Twenty years ago, I started the summer between my junior and senior years of high school. Like everyone at that age, I thought I had my shit wired, but of course I didn't know squat about anything. I had tasted alcohol for the first time only a couple of months earlier. I'd had a few girlfriends, but nothing serious. I had no real idea about what I wanted to do with my life, but joining the Marine Corps, and working on computers were not things I would have put on my "to-do" list. I suppose I had planned on settling down and being a family man eventually, but I had always expected I'd be radically different from my parents. In all honesty, I don't remember much about what I had "planned" my life to be like; but I do know that I didn't expect it to be like this.

I was sure that I'd be among the cream of the crop in my chosen occupation, not just another cog in the machine. I knew that I'd be rich, as opposed to being middle class. I was positive that my parents would one day come to know, understand and agree with my way of thinking, but it was the other way around. I believed that my high school friendships would last a lifetime, not preparing myself for the reality that friendships, like pictures, often fade with the passing of time.

It's really funny how time works. When things are going good, time flies. When you're happy, time always seems to pass more quickly, no matter how much you try to hold onto the moment. When things are not so good, time is your enemy. You wish the unhappiness would end, and that you could get on with your life, but time seems to have a twisted sense of humor, and slows down during turbulent times. But the irony doesn't end there. As soon as an event or milestone has passed, it all seems to have gone by pretty quickly -- whether good or bad.

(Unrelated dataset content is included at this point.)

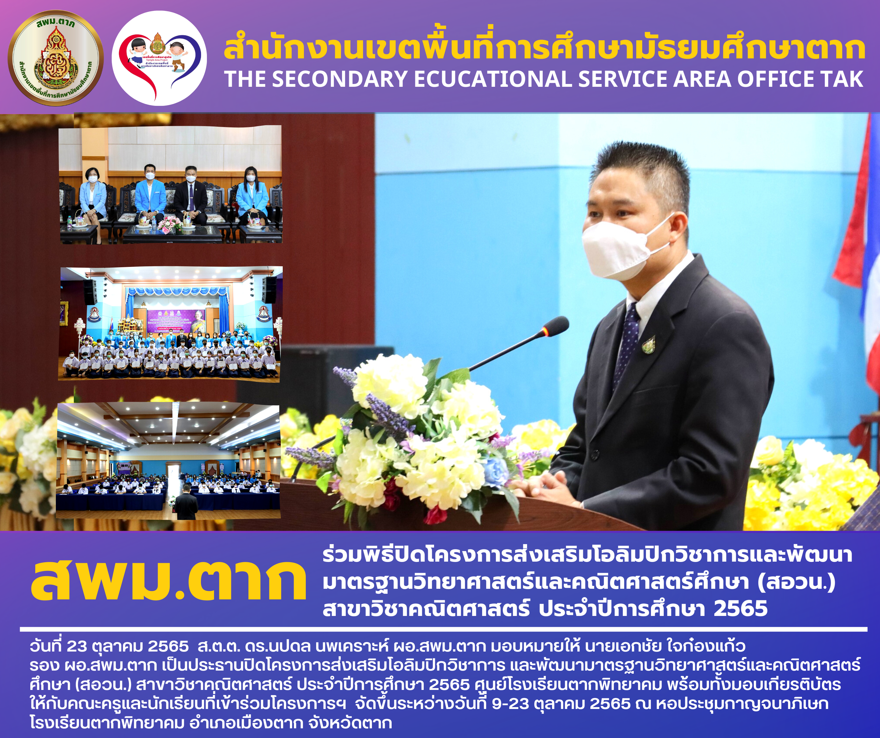 วันที่ 23 ตุลาคม 2565 ส.ต.ต. ดร.นปดล นพเคราะห์ ผอ.สพม.ตาก มอบหมายให้ นายเอกชัย ใจก๋องแก้ว รอง ผอ.สพม.ตาก เป็นประธานปิดโครงการส่งเสริมโอลิมปิกวิชาการ และพัฒนามาตรฐานวิทยาศาสตร์และคณิตศาสตร์ศึกษา (สอวน.) สาขาวิชาคณิตศาสตร์ ประจำปีการศึกษา 2565 ศูนย์โรงเรียนตากพิทยาคม พร้อมทั้งมอบเกียรติบัตร ให้กับคณะครูและนักเรียนที่เข้าร่วมโครงการฯ จัดขึ้นระหว่างวันที่ 9-23 ตุลาคม 2565 ณ หอประชุมกาญจนาภิเษก โรงเรียนตากพิทยาคม อำเภอเมืองตาก จังหวัดตาก
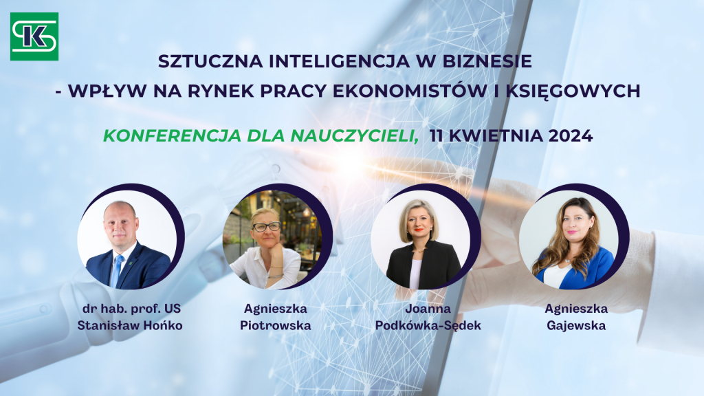 Nauczycieli przedmiotów zawodowych w obrębie zawodów technik ekonomista, technik rachunkowości oraz powiązanych przedmiotów zawodowych zapraszamy 11 kwietnia 2024 roku na konferencję online „Sztuczna inteligencja w biznesie – wpływ na rynek pracy ekonomistów i księgowych”.

And so the cycle keeps going, at an ever-increasing rate of speed. Everyone says it... time goes faster as you get older. In my experience they're right, so I try to hold onto every minute. Even when I have a hectic day, and part of me wants it to end, I try to remember that life passes quickly. Every now and then, I long for retirement. But I quickly remember that I probably won't retire until 70 or so. While I may long for the slower pace of retirement, I'm not in such a hurry that I'm willing to wish the next thirty-odd years of my life away... that'll happen quickly enough.